Tutorials (July 28)
Tutorial 1: Learning and Improving Multimodal Commonsense Reasoning
Abstract
The tutorial explores the journey from basic perceptual processes to complex, real-world reasoning tasks. We begin by examining how the human brain and modern artificial systems perceive and understand visual information. Then, we dive into visual cognition, the mental processes that enable recognition, attention, and categorization. The talk progresses to visual reasoning, where we will discuss recent breakthroughs, including advances in several mainstream methods. Applications of these advancements are wide-ranging, and we will demonstrate real use cases where systems make complex decisions based on real-time visual data, highlighting their impact on fields.
Tutor
Bo Wu
MIT-IBM Watson AI Lab
Biography
Bo Wu is currently a Researcher with MIT-IBM Watson AI Lab, Cambridge, MA. Bo received his Ph.D. in Computer Science from the Institute of Computing Technology, Chinese Academy of Sciences, and he was a Research Scientist at Columbia University. His research interests encompass deep learning, multimodal learning, computer vision, and natural language understanding, with a focus on visual, linguistic, and user behavior analysis, forecasting, and reasoning. He won the research awards, including the IBM Master Inventor Award, IBM Level-A Accomplishment Award, ACL Best Demo Paper Award (2020), the ACM Turing 50th Student Scholarship, and the Schlumberger Ph.D. Award.

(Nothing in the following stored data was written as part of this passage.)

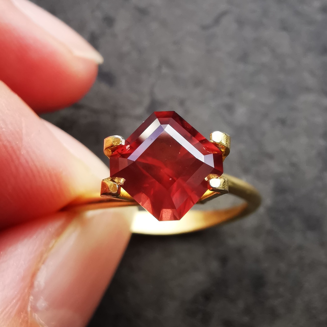 シルキーを通り越して、スモーキーと言いたくなるような、茜色のジルコンです。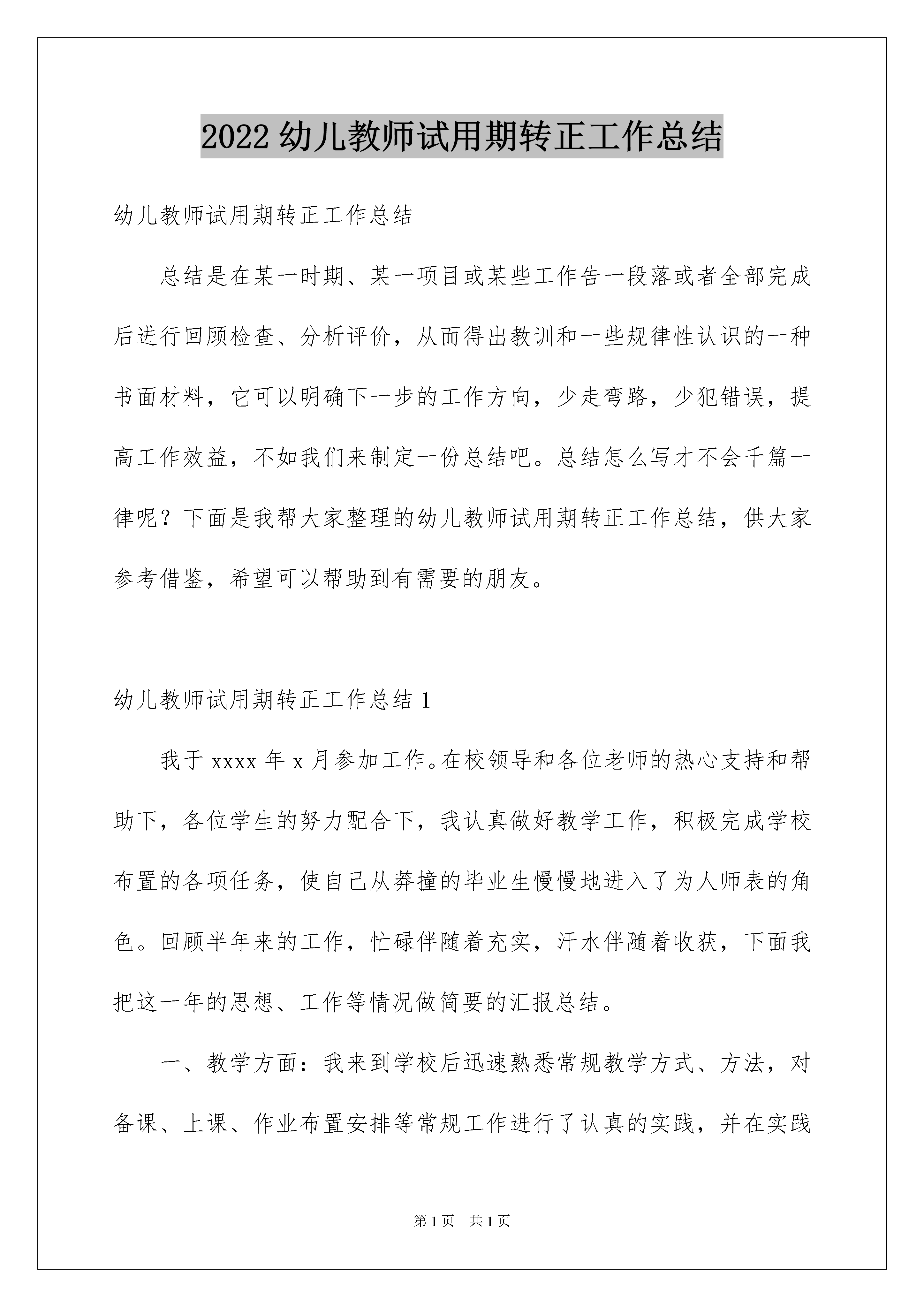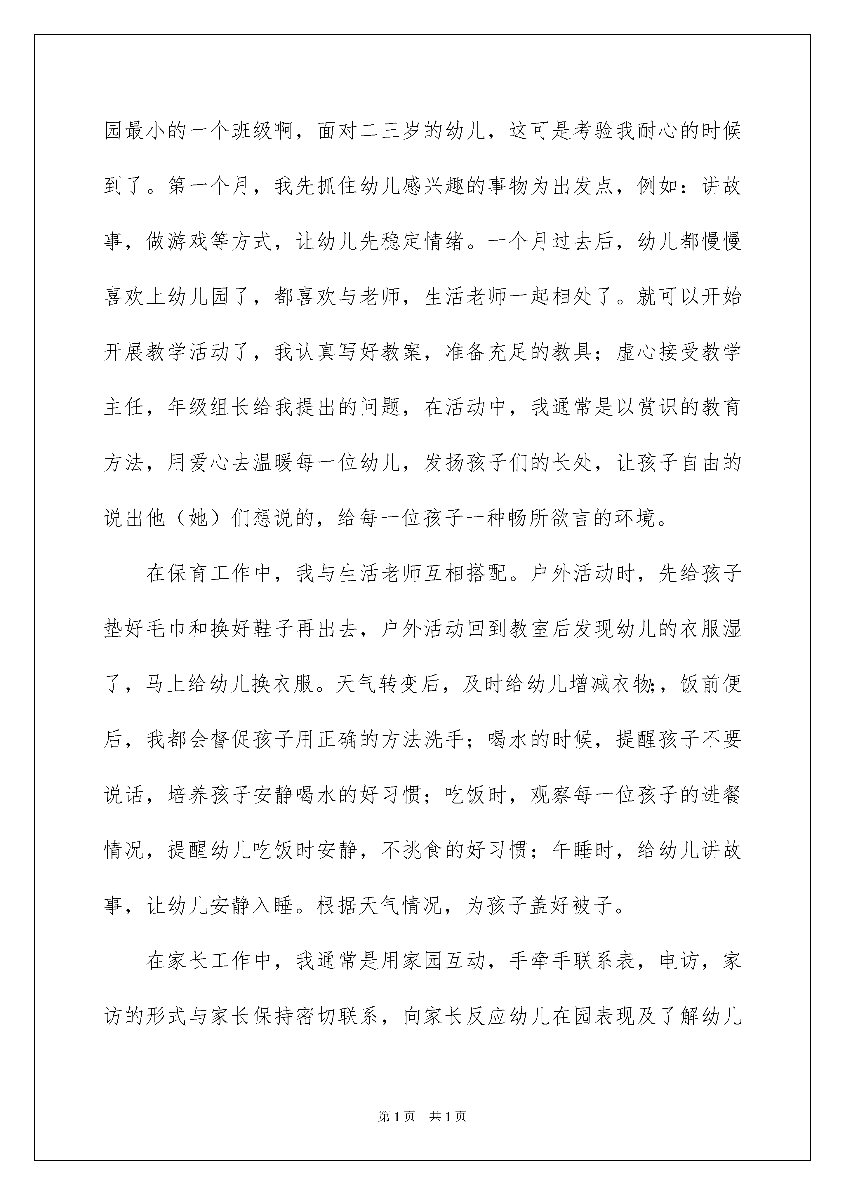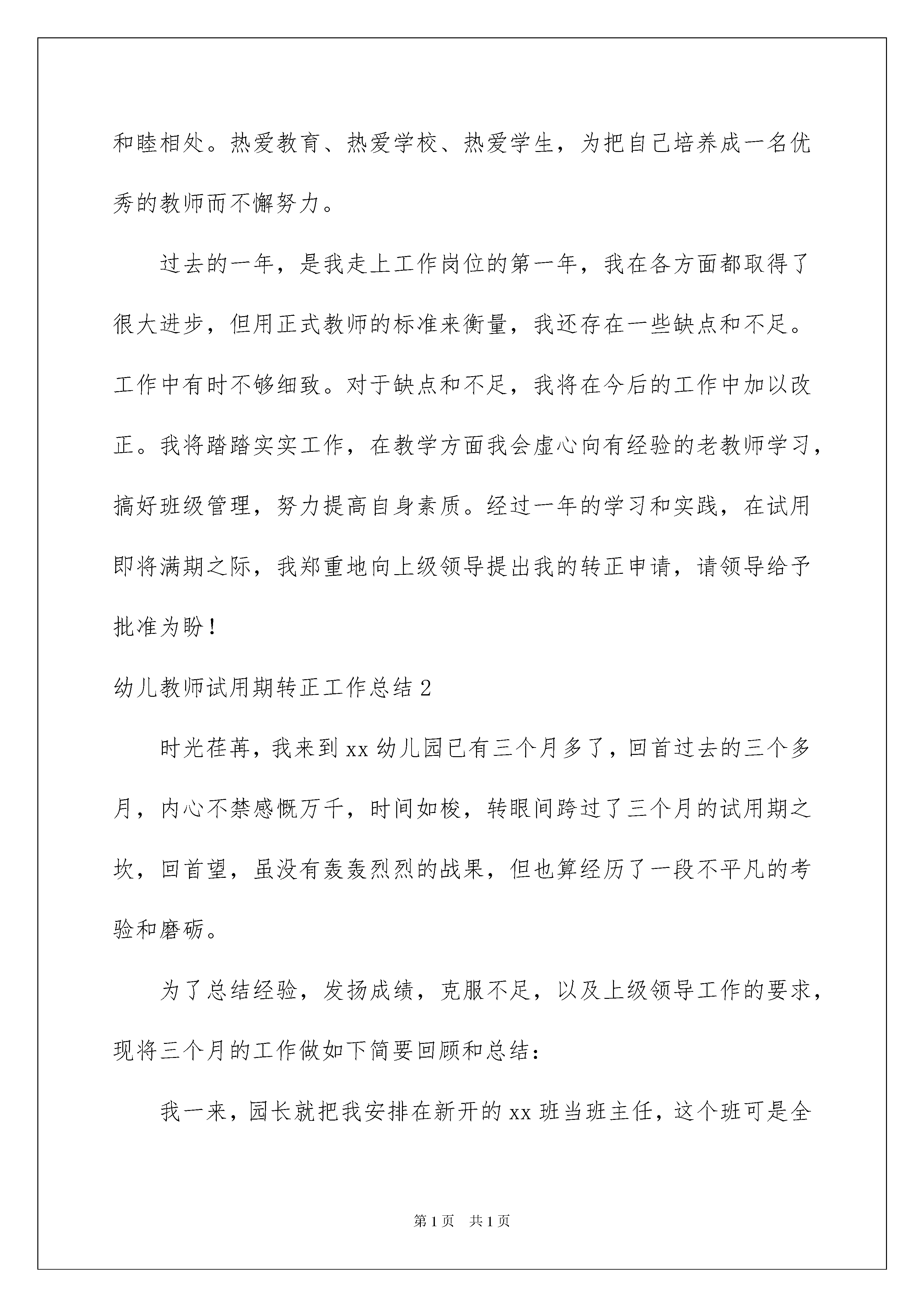 2022幼儿教师试用期转正工作总结幼儿教师试用期转正工作总结总结是在某一时期、某一项目或某些工作告一段落或者全部完成后进行回顾检查、分析评价,从而得出教训和一些规律性认识的一种书面材料,它可以明确下一步的工作方向,少走弯路,少犯错误,提高工作效益,不如我们来制定一份总结吧。总结怎么写才不会千篇一律呢?下面是我帮大家整理的幼儿教师试用期转正工作总结,供大家参考借鉴,希望可以帮助到有需要的朋友。幼儿教师试用期转正工作总结1我于xxxx年x月参加工作。在校领导和各位老师的热心支持和帮助下,各位学生的努力配合下,我认真做好教学工作,积极完成学校布置的各项任务,使自己从莽撞的毕业生慢慢地进入了为人师表的角色。回顾半年来的工作,忙碌伴随着充实,汗水伴随着收获,下面我把这一年的思想、工作等情况做简要的汇报总结。一、教学方面:我来到学校后迅速熟悉常规教学方式、方法,对备课、上课、作业布置安排等常规工作进行了认真的实践,并在实践之中注意查缺补漏,遇到自己无法解决的教学问题就积极向同事们请教,努力做到课前准备好、课中讲解透、课后督促检查严。课堂上力求贴近学生生活,最大限度地运用自己的所学知识,激发学生的学习兴趣,培养学生的实践能力。课后积极和同事们探讨教学中遇到的问题,努力寻找解决方法,在平时有空就去听老教师的课,认真研究学习老教师上课时使用的好的教学方法,取其精华而去其糟粕,努力使自己的教学能力得到不断的进步和提高。二、个人素养方面:作为一名教师,我深切地认识到,信息时代信息更新速度的重要性,所以我一直不断的巩固自己旧的知识并且尽全力通过各种方式方法更新自己所掌握的信息和知识。教书之余,我自觉学习与教育相关的知识,博览群书以拓宽自己的知识面,提高个人的文化知识素养。工作中,严格遵守学校各项规章制度,团结同事,及时完成学校布置的各项任务;勤能补拙,尤其是新教师更要勤奋学习,自觉修养,脚踏实地,奋发图强。三、在生活方面,我严格要求自己,注意自己的一言一行,谨遵“正人先正己”的古训,时刻提醒自己,重视“为人师表”的职业形象,自己能做的事自己做,努力保持正派的工作作风,与校领导和同事们和睦相处。热爱教育、热爱学校、热爱学生,为把自己培养成一名优秀的教师而不懈努力。过去的一年,是我走上工作岗位的第一年,我在各方面都取得了很大进步,但用正式教师的标准来衡量,我还存在一些缺点和不足。工作中有时不够细致。对于缺点和不足,我将在今后的工作中加以改正。我将踏踏实实工作,在教学方面我会虚心向有经验的老教师学习,搞好班级管理,努力提高自身素质。经过一年的学习和实践,在试用即将满期之际,我郑重地向上级领导提出我的转正申请,请领导给予批准为盼!幼儿教师试用期转正工作总结2时光荏苒,我来到xx幼儿园已有三个月多了,回首过去的三个多月,内心不禁感慨万千,时间如梭,转眼间跨过了三个月的试用期之坎,回首望,虽没有轰轰烈烈的战果,但也算经历了一段不平凡的考验和磨砺。为了总结经验,发扬成绩,克服不足,以及上级领导工作的要求,现将三个月的工作做如下简要回顾和总结:我一来,园长就把我安排在新开的xx班当班主任,这个班可是全园最小的一个班级啊,面对二三岁的幼儿,这可是考验我耐心的时候到了。第一个月,我先抓住幼儿感兴趣的事物为出发点,例如:讲故事,做游戏等方式,让幼儿先稳定情绪。一个月过去后,幼儿都慢慢喜欢上幼儿园了,都喜欢与老师,生活老师一起相处了。就可以开始开展教学活动了,我认真写好教案,准备充足的教具;虚心接受教学主任,年级组长给我提出的问题,在活动中,我通常是以赏识的教育方法,用爱心去温暖每一位幼儿,发扬孩子们的长处,让孩子自由的说出他(她)们想说的,给每一位孩子一种畅所欲言的环境。在保育工作中,我与生活老师互相搭配。户外活动时,先给孩子垫好毛巾和换好鞋子再出去,户外活动回到教室后发现幼儿的衣服湿了,马上给幼儿换衣服。天气转变后,及时给幼儿增减衣物;,饭前便后,我都会督促孩子用正确的方法洗手;喝水的时候,提醒孩子不要说话,培养孩子安静喝水的好习惯;吃饭时,观察每一位孩子的进餐情况,提醒幼儿吃饭时安静,不挑食的好习惯;午睡时,给幼儿讲故事,让幼儿安静入睡。根据天气情况,为孩子盖好被子。在家长工作中,我通常是用家园互动,手牵手联系表,电访,家访的形式与家长保持密切联系,向家长反应幼儿在园表现及了解幼儿在家的表现,讨论用最好的方法,和家长一起纠正幼儿的不良的习惯。虚心地听取各位家长的意见,让家长感到放心在这段学习中,让我更深得理解、喜欢孩子,也让我更有耐心、细心和爱心,这正是我们学习和努力的方向。让我增长了见识,也知道了自己的不足。每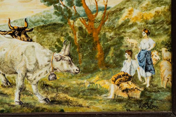 Mattonella maiolicata raffigurante armenti e greggi al pascolo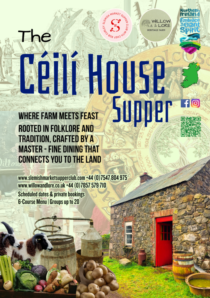 A mouth–watering collaboration delivering an authentic rural farm to fork feasting experience immersed in tradition and folklore. The Céilí House Supper, a Slemish Market Supper Club pop-up dining experience with Willow and Lore heritage farm.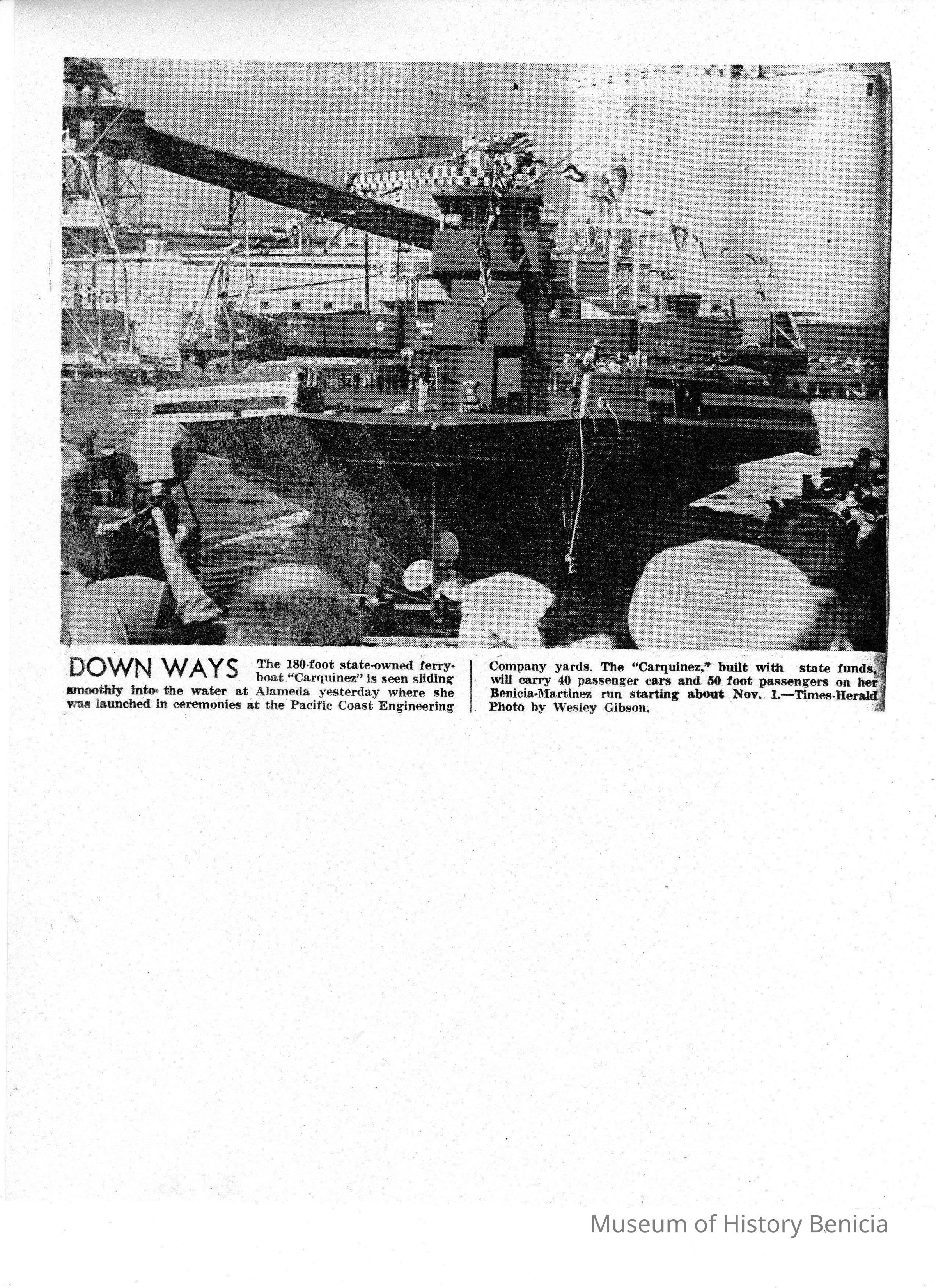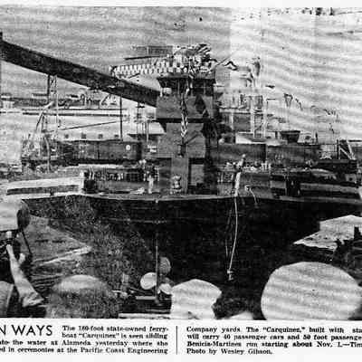 B/W photocopy, of newspaper photo of the launch of the 'Carquinez.' From the Vallejo-Times Herald, "Down Ways"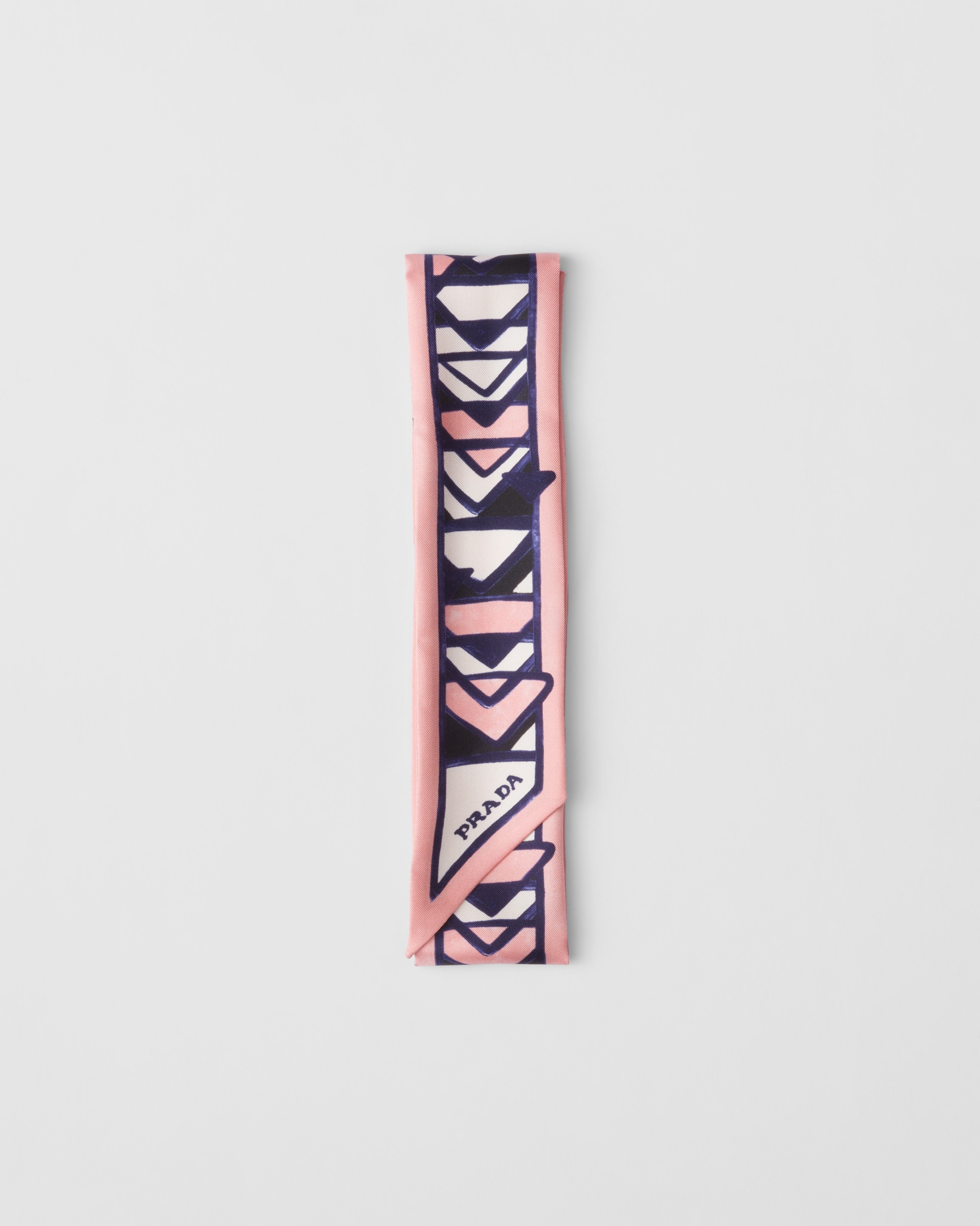 The iconic triangle, the distinctive signature of Prada collections, is the protagonist of the geometric print with modernist allure that animates this twill skinny scarf. The refined accessory is enriched by the lettering logo printed in a contrasting color. - Product code: 1FF008_2CNJ_F014C - Geometric print - Printed logo - Imported Height: 85cm Width: 6cm MATERIALS Main material: Silk

His team has excelled in global competitions, securing top positions in the NIST TAC SM-KBP (1st), the ICIP Prediction Challenge (1st), and the Alibaba Global Vision AI Challenge (3rd, top 0.1%), etc. He has organized events such as the ACM MM SMP Challenge, and the CVPR Workshop and Challenge MVCS and MMFM. He has also served in key roles as Area Chair, Track Chair, Senior Program Committee Member, and Program Committee Board Member for the conferences including ACM Multimedia, AAAI, IJCAI, etc.
Tutorial 2: Developing and Evaluating Interactive Lifelog Retrieval Systems
Abstract
Lifelogging is the process of gathering rich multimodal archives of life experience data over extended time periods, often months or years. Over the past decade, lifelogging has evolved from a niche research topic into a vibrant interdisciplinary field at the intersection of computer vision, information retrieval, and human-computer interaction. In this tutorial, I will reflect on ten years of research into interactive lifelog retrieval, drawing insights from the ACM Lifelog Search Challenge (LSC) and other major initiatives that have shaped the community. I will highlight the key milestones in the development of multimodal lifelog datasets, advances in visual/multimodal semantic indexing and search, and the emergence of novel access methodologies and user interfaces for multimodal interactive systems. By examining how the field has addressed the challenge of turning vast multimodal personal archives into searchable, meaningful content, I will offer a forward-looking perspective on the opportunities and open questions that lie ahead in building intelligent, user-centric lifelog systems.
Tutor
Cathal Gurrin
Dublin City University
Biography
Professor Cathal Gurrin is a researcher and academic at Dublin City University (DCU) in Ireland. He is also the Deputy Director of the national ADAPT Centre for digital content technologies. Gurrin’s research interests focus primarily on personal analytics and lifelogging, which involves creating extensive personal databases of lifelog images and other sensor data to capture and analyse daily activities and experiences. He has been a pioneer in this field, amassing a continuous personal archive since 2006 that includes over 15 million wearable camera images and hundreds of millions of other sensor readings. His work aims to develop assistive technologies that use wearable sensors and data analytics to infer knowledge about real-world activities and enhance individual performance and health. Gurrin is heavily involved in community conference organising activities and he has been the general co-chair of many leading conferences in his field, such as ECIR'11, MM'14, ICMR'20, MM'22/23, ICMR'24 and will be the general co-chair of ACM MM'25 and ACM Web'27 in Dublin. He is also an organiser of the annual VBS Challenge at MMM and co-founder of the ACM LSC Challenge at ICMR.